Per precorrere i tempi. E ovviamente per crescere. Ricorda, a chi scrive, Oscar Marchetto di Somec: «Ci siamo incontrati la prima volta otto anni fa, quando fatturavo poco più di 20 milioni. Ora, tra un’acquisizione e l’altra, ho superato la soglia dei 300 milioni, mantenendo lo stesso livello di redditività, e sono pronto a fare ulteriori passi in avanti molto importanti». È un approccio del tutto estranee al chiacchiericcio di alcuni sulla contrapposizione tra piccoli e grandi. «Una diatriba vecchia e inutile» per Stefano Micelli, economista, docente di International Management all’Università di Venezia, che sottolinea come «piccolissimi, piccoli, medi e grandi devono essere parte di un sistema capace di creare coesione sociale ed economica a vantaggio di tutti».
Anticipare le tendenze
Dopodiché: tra i Champions vince il low profile, ma anche lo sguardo «basso», alla realtà e alle tendenze del mercato. E «basso» ha a volte un senso letterale. Esempio, ancora dal Festival Città Impresa appena chiuso a Vicenza. L’amministratore delegato che ha appena finito un dibattito e adesso passeggia per il centralissimo Corso Palladio tiene gli occhi fissi a terra. Dopo qualche attimo diventa chiara la ragione: è concentrato a guardare ogni singolo paio di scarpe, a osservare i gusti e le scelte di ogni consumatore. Sta cioè verificando, letteralmente (di nuovo) passo dopo passo, quali siano le tendenze del mercato.

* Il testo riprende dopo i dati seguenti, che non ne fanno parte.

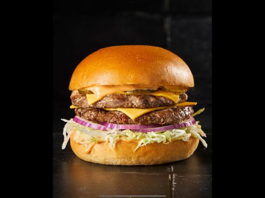 Two grass fed beef patties, American cheese, lettuce, onion, pickles, with NYM special sauce, in a milk bun.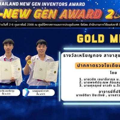 ขอชื่นชมและแสดงความยินดีกับ นักเรียน PRC ที่ได้รับรางวัลเหรียญทอง จากการประกวดสิ่งประดิษฐ์และนวัตกรรม ในงาน “วันนักประดิษฐ์แห่งชาติ ประจำปี 2568” เวที Thailand New Gen Inventors Award : I-New Gen Award 2025 วันที่ 2 – 6 กุมภาพันธ์ 2568 ณ ศูนย์นิทรรศการและการประชุมไบเทค บางนา กรุงเทพมหานคร จัดโดย สำนักงานการวิจัยแห่งชาติ (วช.) กระทรวงการอุดมศึกษา วิทยาศาสตร์ วิจัยและนวัตกรรม (อว.)

Ecco perché queste imprese sono la forza del Paese. Lo sappiamo da tempo. Hanno semmai un unico grande limite: non capire che, di fronte all’incapacità della politica di dare risposte ai problemi di attrattività dei territori o a quella delle università di formare giovani all’altezza del mondo 4.0, se vogliono sopravvivere e continuare crescere devono occuparsi — direttamente e insieme — anche di questo. Di attrattività dei territori e di formazione professionale a tutti i livelli, Università inclusa. Lo stanno facendo a Parma aziende top performer come Dallara e Davines, con progetti sui quali convergono e sono impegnate imprese grandi e piccole. Ma Parma è un caso, per quanto bellissimo, isolato. Sono i Champions di tutta Italia che, per rimanere tali, dovranno per forza incominciare ad andare — come dice il sociologo Aldo Bonomi — «oltre le mura dell’impresa».